Ce qui rend ce différend durable, c'est que les deux camps capturent quelque chose de vrai. La science a besoin de stabilité pour fonctionner, mais la stabilité peut se durcir en cécité. Elle a besoin de critique, mais une critique sans normes communes se dissoudrait dans le bruit. Kuhn n'a pas résolu cette tension ; il l'a éclairée. Cet éclairage est la raison pour laquelle le débat autour de lui n'a jamais vraiment pris fin. L'argument a continué car le livre avait localisé une ligne de faille dans la pensée moderne : si la science est mieux comprise comme une machine à découvrir la vérité intemporelle, ou comme une pratique historiquement organisée dont les normes sont réelles mais révisables.
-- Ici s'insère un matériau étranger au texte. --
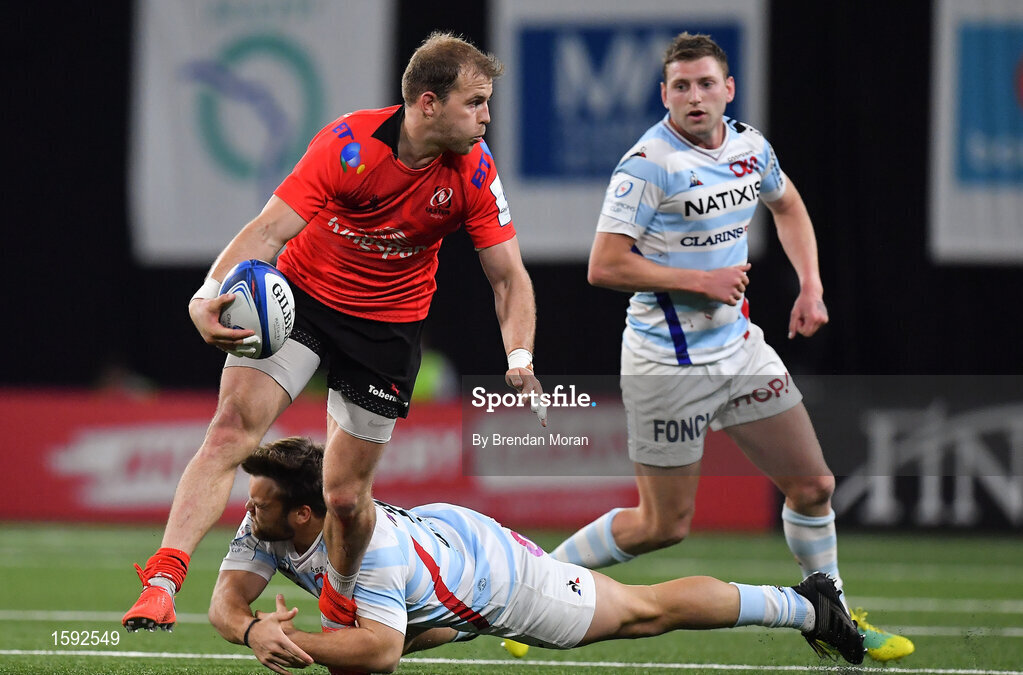20 October 2018; Will Addison of Ulster breaks from the tackle of Leonard Paris of Racing 92 during the Heineken Champions Cup Pool 4 Round 2 match between Racing 92 and Ulster at Paris La Defence Arena, in Paris, France. Photo by Brendan Moran/Sportsfile

Au moment où ses critiques avaient aiguisé leurs objections, le livre de Kuhn avait déjà commencé une seconde vie au-delà de la salle de séminaire. Dans les salles de classe, dans les départements de philosophie, et finalement bien au-delà de l'académie, « paradigme » est devenu un mot que les gens utilisaient pour décrire des bouleversements de toutes sortes. La question n'était plus seulement de savoir si Kuhn avait raison dans chaque détail. C'était jusqu'où son vocabulaire pouvait voyager, quelles utilisations publiques il prendrait, et s'il deviendrait un outil pour comprendre la science — ou un slogan pour la saper. Cette seconde vie comportait ses propres risques : une analyse historique soigneusement argumentée pouvait être aplatie en un terme à la mode, tandis que le problème original que Kuhn avait posé — comment les communautés scientifiques changent, résistent et finalement reconstituent la raison — restait aussi non résolu que jamais.